Whether Plaintiff had sufficient time to consider the JAMS Agreement prior to accepting it requires closer scrutiny of the record. TWC made Plaintiff an "online offer of employment" in 2014, which he accessed using the Onboarding System. (Cassidy Decl. ¶ 9.) The OBS System prompted Plaintiff to review and acknowledge 12 policies, the last of which was the JAMS Agreement. (Id. ¶¶ 11-13.) TWC instructed new hires to "complete the Onboarding process as soon as possible" but did not specify a time limit. (OBS Checklist, Ex.
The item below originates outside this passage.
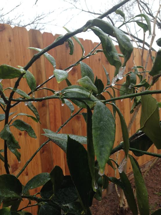 The lime tree is probably wishing it had a coat — not a coat of ice.

C to Cassidy Decl.) Moreover, the time stamps indicate that Plaintiff spent roughly 40 minutes reviewing the 12 policies, and took a little over 20 seconds to review the JAMS Agreement. (See OBS Details.) Plaintiff does not allege that this cursory review was subject to any time constraint—or, indeed, any other type of pressure—imposed by TWC, but offers only the conclusory attestation that he "do[es] not believe [he] had a meaningful opportunity to review any of the documents or policies presented to [him] during the on-boarding process[.]" (Sonico Decl. ¶ 6.) Without more, this conclusory statement is insufficient to support Plaintiff's claim that he did not receive enough time to review the JAMS Agreement. See Rejuso v. Brookdale Senior Living Communities, Inc., No. CV 17-5227 DMG (RAOx), 2018 WL 6174764, at *6 (C.D. Cal. June 5, 2018) (citing Nigro v. Sears, Roebuck & Co., 784 F.3d 495, 497 (9th Cir. 2015)) (disregarding a self- serving declaration that stated only conclusions and not facts that would be admissible evidence); see also Ruiz, 232 Cal. App. 4th at 842.

(iii) Plaintiff's ability to consult counsel

The ability to talk to an attorney before signing an arbitration agreement is properly considered in assessing procedural unconscionability. See OTO, 8 Cal. 5th at 127; Swain v. LaserAway Med. Grp., Inc., 270 Cal. Rptr. 3d 786, 796 (2020), as modified (Nov. 3, 2020). It is undisputed that Plaintiff did not sign the JAMS Agreement with the aid of an attorney. However, Plaintiff does not explain why he was unable to secure an attorney before acknowledging the agreement. See Martinez, 2019 WL 7290492, at *6. For example, as aforementioned, he does not state that Defendants provided too little time to review the JAMS Agreement or otherwise exerted pressure on him to sign it, apart from that inherent in any contract proffered as a condition of employment. Cf. Swain, 270 Cal. Rptr. 3d at 796 (finding absence of attorney, time constraints, and other pressure exerted by defendants gave rise to additional procedural unconscionability).

In light of this, the Court therefore finds that the absence of an attorney reflects some, though not any significant, level of oppression in the procedural unconscionability analysis. See Martinez, 2019 WL 7290492, at *6 ("[T]he fact that plaintiff may not have navigated the Agreement with the skill of a more sophisticated party does not render it 'highly oppressive.'").

(iv) JAMS Rules

Lastly, Plaintiff alleges that Defendants' failure to provide a copy of the arbitration rules renders the JAMS Agreement procedurally unconscionable. (Opp'n at 10.) Defendants instead provided a link to the JAMS rules on the onboarding webpage where the JAMS Agreement was located. (Ex. C to Cassidy Decl.)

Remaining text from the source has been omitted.